Comme elle n’est plus soumise aux distinctions de la subjectivité, une
simple proximité phonétique ou sémantique entre deux mots suffit à les
identifier (ce qui, en aucun cas, n’a le sens d’une métaphore). Les rêves
sont ainsi remplis de calembours, qui se subordonnent à leur symbolisation
métaphorique, métonymique et antiphrastique. Mais cette mise en forme
rhétorique n’est pas convergente comme dans le cas d’une œuvre d’art. Elle
n’obéit à aucune intention esthétique. Pourquoi le ferait-elle du reste ? Le
rêve n’est pas destiné à un autre mais au rêveur lui-même, et cette mise en
forme ne cherche pas à mettre à distance le rêveur de sa subjectivité puisque
cette distance est la condition même du sommeil.

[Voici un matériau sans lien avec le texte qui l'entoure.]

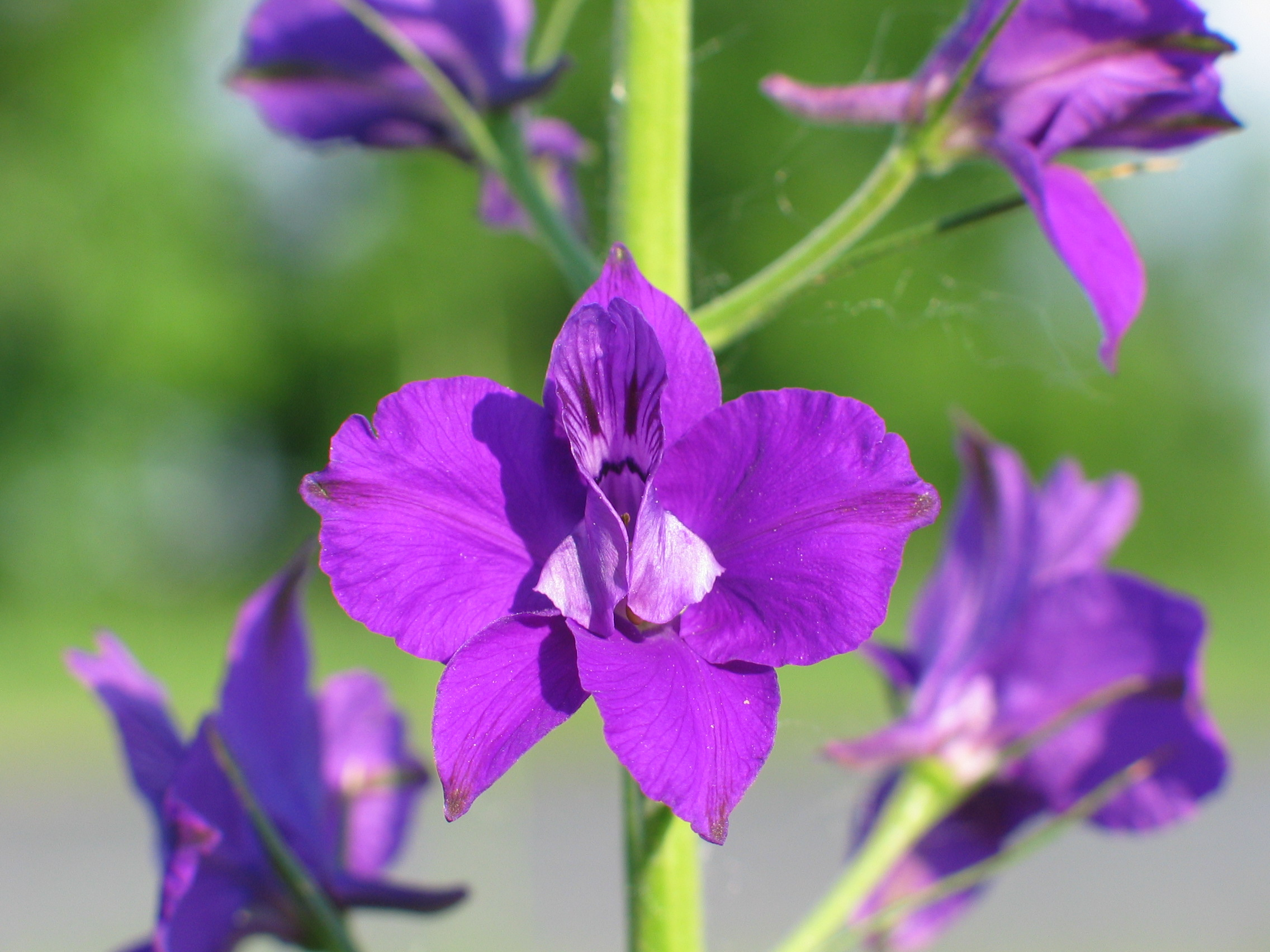 Consolida orientalis by the roadside, 2005-05-26, Algyő, Hungary.

Qu’en est-il maintenant de l’artiste iconique ? Ce n’est ni un individu
qui parvient à transformer la réalité ordinaire à l’image de ses rêves, à
savoir un grand homme ou une grande femme, ni un individu qui substitue à
la réalité ordinaire une nouvelle réalité à l’image de ses rêves, à savoir un
malade mental. L’artiste iconique travaille sur la réalité ordinaire sans
chercher à la modifier en tant que réalité, puisque sa déréalisation n’engage
qu’une matérialité sensible partielle (sonore ou visuelle, etc.) Et si l’œuvre
qu’il construit a valeur de nouveau monde, possédant un temps et un espace
propre 12, il ne tente pas de le substituer à la réalité ordinaire. Il en fait un
instrument de symbolisation de cette réalité.
L’art et le jeu
Plus généralement, l’artiste est un joueur. D’où sa parenté souvent
affirmée avec l’enfant. Ce n’est pas un hasard si la thèse de Paul Ziff selon
laquelle l’art serait indéfinissable se fonde sur la thèse de Wittgenstein selon
laquelle le jeu serait indéfinissable.
Or, il est tout à fait possible de définir la notion de jeu 13. Certes, les jeux
étant au moins aussi hétérogènes que les objets artistiques, leur multiplicité
ne se ramène pas à un point commun. Mais ils engagent tous une fonction
identique : jouer c’est effectuer une action non réelle, qui ne cherche ni à
transformer la réalité ordinaire, ni à s’y substituer totalement. Le jeu a
certes une réalité spatio-temporelle, mais celle-ci possède une autonomie
par rapport à la réalité ordinaire. L’existence de règles du jeu, qui est
contingente, n’est qu’un mode d’expression de cette autonomie.
Saisi dans sa seule dimension non réelle, le jeu est divertissement. Mais
cette non-réalité peut être le support d’une dimension iconique. Le jeu
symbolise alors la réalité selon les trois modes de façonnement iconique, la
métaphore, la métonymie et l’antiphrase. D’où son ancrage profond dans
l’inconscient, et la force extrême des émotions qu’il suscite, non seulement
chez les joueurs mais aussi chez les spectateurs. Le jeu engage un sérieux,
voire une violence et une cruauté, qui n’est pas du tout incompatible avec le
divertissement 14.
Toutefois, si l’artiste est un joueur, tout joueur n’est pas un artiste.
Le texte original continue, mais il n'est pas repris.